>>

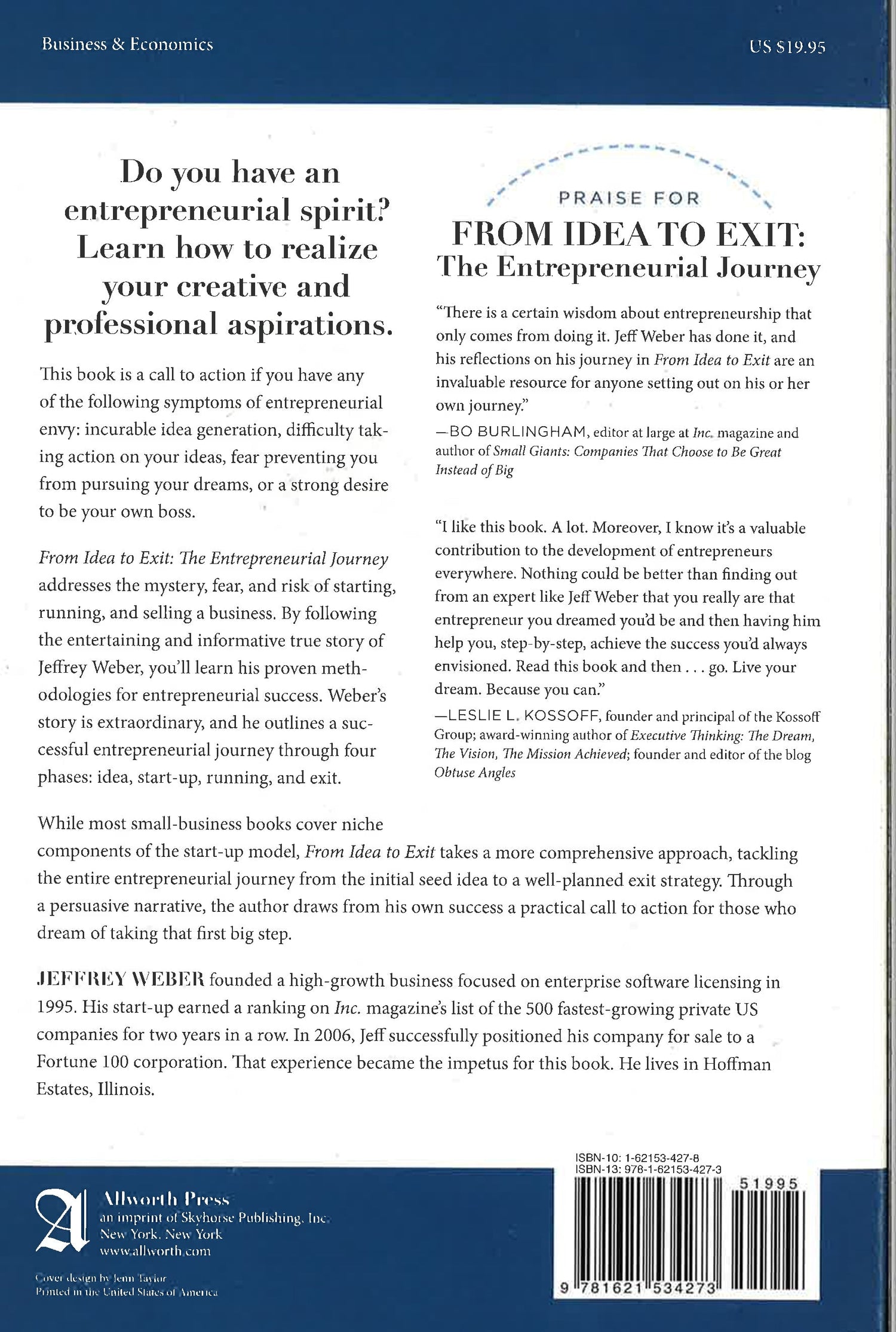 This book is a call to action if you have any of the following Symptoms of Entrepreneurial Envy: incurable idea generation; difficulty taking action on your ideas; fear, preventing you from pursuing your dreams; a strong desire to be your own boss. From Idea to Exit: The Entrepreneurial Journey addresses the mystery, fear, and risk of starting, running, and selling a business. By following the entertaining and informative true story of Jeffrey Weber, you'll learn his proven methodologies for entrepreneurial success. Jeffrey Weber's story is extraordinary and he outlines a successful entrepreneurial journey through four phases: idea, startup, running, and exit. While most small business books cover niche components of the start-up model, From Idea to Exit takes a more comprehensive approach, tackling the entire entrepreneurial journey from the initial seed idea through a well-planned exit strategy. Through a persuasive narrative, the author draws from his own success a practical call to action for those who dream of taking that first big step. Allworth Press, an imprint of Skyhorse Publishing, publishes a broad range of books on the visual and performing arts, with emphasis on the business of art. Our titles cover subjects such as graphic design, theater, branding, fine art, photography, interior design, writing, acting, film, how to start careers, business and legal forms, business practices, and more. While we don't aspire to publish a New York Times bestseller or a national bestseller, we are deeply committed to quality books that help creative professionals succeed and thrive. We often publish in areas overlooked by other publishers and welcome the author whose expertise can help our audience of readers.
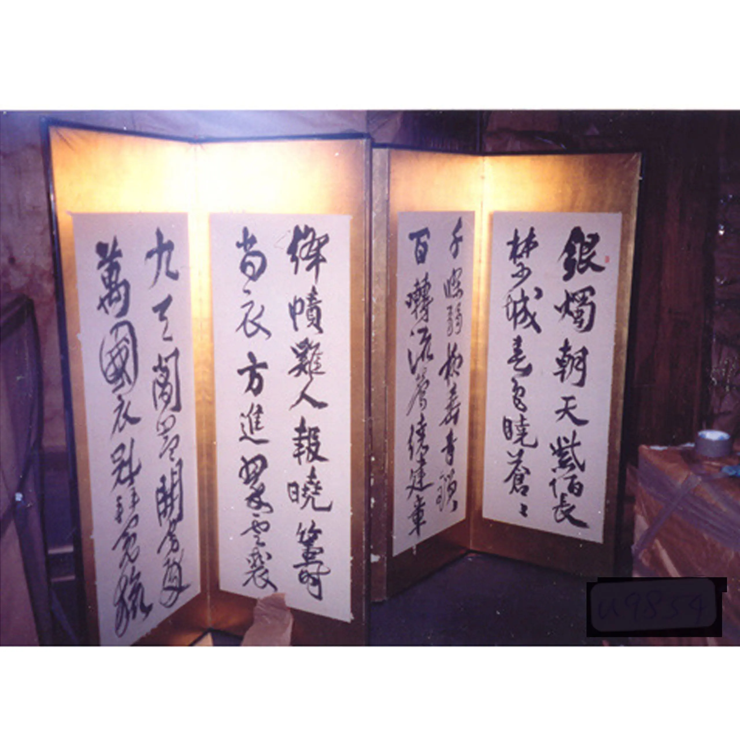 | Description | A slightly damaged, multi-paneled gold foil screen displaying Chinese or Japanese calligraphy. The screen features four large, vertical scrolls with elegant brushwork in black ink, mounted against the shimmering gold background. The rich texture and vertical format suggest it is an artistic furnishing, likely depicting poetry or classical texts. Slight water damage. |
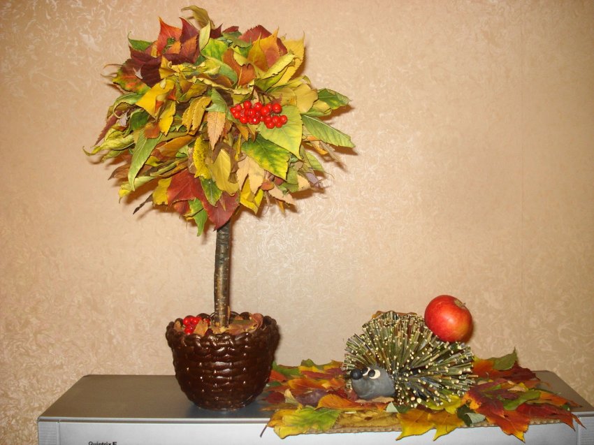 Топиарием называют маленькое декоративное дерево, призванное быть украшением интерьера. Подобный аксессуар, сделанный из красивых осенних листьев, добавит обстановке уюта и тепла. Использовать можно не только опавшую листву, но и сухоцветы, колосья, шишки, высушенные ягоды, жёлуди. Выбор материала зависит от вашей фантазии. Важно лишь грамотно определиться с основой.
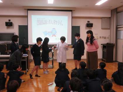 前半は、薬の種類やその飲み方について。お茶やジュース・コーラではなく、コップ一杯の水かぬるま湯で飲むのがいいことを、実際に実験を通して教えてもらいました。
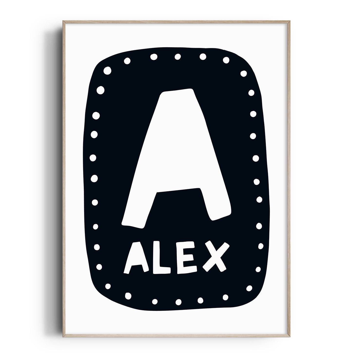 Kids customised letter and name wall art print, a statement piece for the monochrome nursery or bedroom decor.
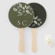 Elegant Wedding Hand fans with muted green sophisticated foliage detail and monogram template for your to personalise. Wedding reception décor from Ricaso
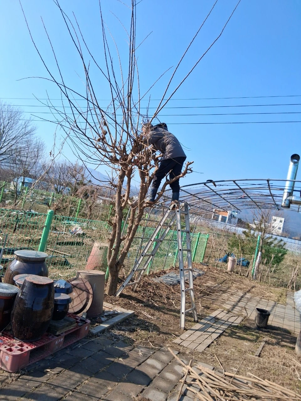 아까 슬며시 밖으로 나갔던 남편은 사다리에 올라 꾸지뽕나무를 전지 해주고 있다.
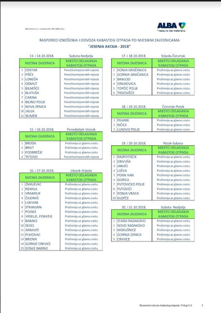 Preduzeće „ALBA Zenica“ d.o.o. Zenica obavještava građane, cijenjene korisnike svojih usluga, da je u toku prikupljanje i odvoz kabastog otpada po mjesnim zajednicama Grada Zenica, u kojima je uspostavljen sistem organizovanog odvoza otpada, prema prethodno utvrđenom rasporedu, a koje će trajati do sve do 21.10.2018. godine.
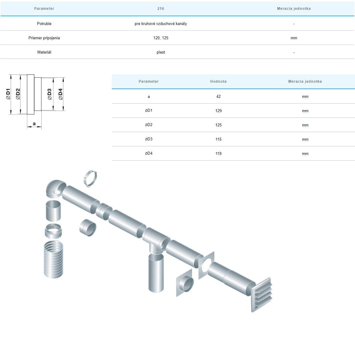 Redukcia kód 216 Ø 120mm/na Ø125mm

<<

» WHAT IS BEING ASKED
Each line above starting at the one holding "Kids customised letter and" and ending at the one holding "아까 슬며시 밖으로 나갔던 남편은 사다리에 올라 꾸지뽕나무를 전지 해주고 있다." should be set down exactly as it stands, both ends included, with no pictures.

» TASK SOLUTION
 Kids customised letter and name wall art print, a statement piece for the monochrome nursery or bedroom decor.
 Elegant Wedding Hand fans with muted green sophisticated foliage detail and monogram template for your to personalise. Wedding reception décor from Ricaso
 아까 슬며시 밖으로 나갔던 남편은 사다리에 올라 꾸지뽕나무를 전지 해주고 있다.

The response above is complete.